Backgammon provides examples of:

  • Ascend to a Higher Plane of Existence: Bearing off your pieces.
  • Curb-Stomp Battle: If you bear all your pieces off the board before your opponent has borne off a single piece, you win double the stake (a "gammon"). If you do so, and your opponent still has one or more of their pieces in their entry zone, you win triple the stake (a "backgammon").
  • Let's Get Dangerous: Happens when a player who was behind, but accepted the doubling cube, suddenly finds him/herself blessed by the Random Number God and in a position to offer a re-double.
  • Mirror Match: Each side's pieces begin directly opposite the opponent's pieces.

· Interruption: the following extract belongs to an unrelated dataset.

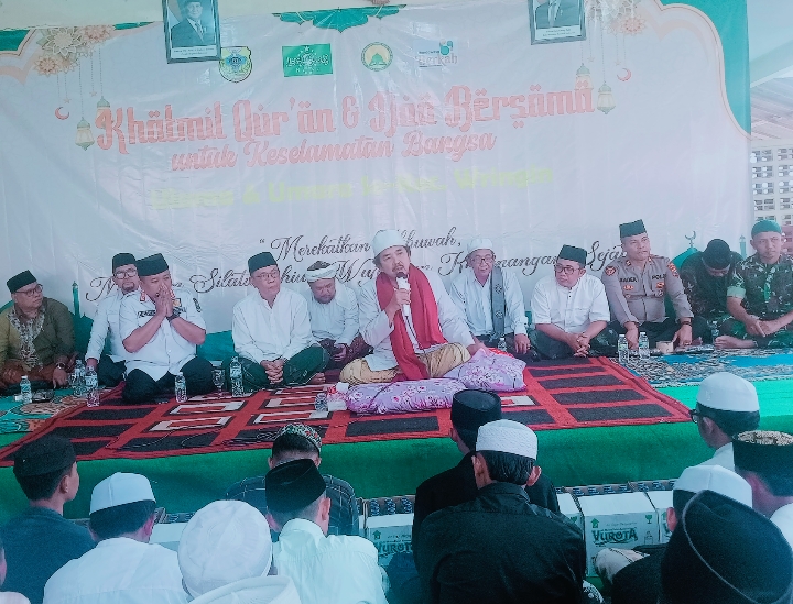 Dalam sambutannya, H. Ahmad Dhafir, S.H. menyampaikan apresiasinya atas terselenggaranya Khotmil Qur’an dan doa bersama yang dilaksanakan secara serentak di 93 titik di wilayah Kecamatan Wringin. Menurutnya, kegiatan tersebut merupakan dawuh para kiai yang sarat makna dan penuh keberkahan.
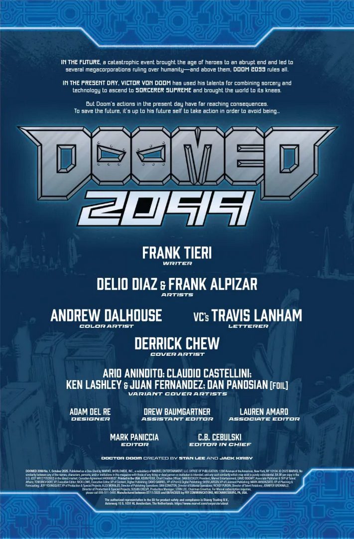 مارول در پیشنمایش شماره اول Doomed 2099 نوشتهی فرانک تیِری، دلیو دیاز، فرانک آلپیثار، اندرو دالهوس و تراویس لنهم، داستان تازهای از نبرد امپراتور دووم با قهرمانان چندجهانی را آشکار کرده است. در رویداد جاری One World Under Doom، اونجرز، چهار شگفتانگیز، ایکسمن و شیلد علیه دکتر دووم قیام کردهاند. شخصیتی که پس از شکست خوردن نزدیک به دست دورمامو تصمیم گرفته هیچگاه دوباره چنین ریسکی نکند. درست در همین لحظه که دوومباتها مشغول محاسبه تهدیدات هستند، ناگهان دووم 2099 در قلعه او ظاهر میشود.

  • Nigh-Invulnerability: More like actual invulnerability. If you occupy a point with two or more of your pieces, that point is yours entirely. Your opponent cannot land there, and any pieces on it are completely safe from capture.
  • Random Number God: A terribly capricious deity. While skill wins over luck in the long-term, any player has a chance of beating any other player in a given game. Every skilled player has had a situation against a lesser opponent like, "OK, so long as my opponent doesn't roll exactly 6-1 followed by 5-3, I've got this one in the bag," then watched in horror as those exact rolls come out. Conversely, when a skilled player gets on a rush of good rolls, a gammon or backgammon often follows.
  • Resurrective Immortality: A captured blot can re-enter a game and continue as if nothing had ever happened to it. In fact, the player who owns the blot cannot make any other moves until after the blot is returned to play.
  • Stone Wall: One of the most common strategies in the game — building a string of points occupied by two or more of your stones, with the hope of trapping an opponent's stone behind them. A string of six such points is an impenetrable barrier so long as you can make it last. This is a particularly crushing tactic if you have an opponent's blot on the bar, and the Stone Wall is located exactly on the opponent's entry points.
  • Stupidity Is the Only Option: The rules of the game dictate that a player must make as many moves as legally possible based on the roll of the dice. This leads to occasional situations where the only legal moves available leave you horribly vulnerable to attack, and you would be better served by only playing part of the roll, or forfeiting your turn entirely, if you were allowed to do so.
  • Unstable Equilibrium: If one player gets far enough ahead of the other, it can render the player who's ahead a mathematical certainty to win.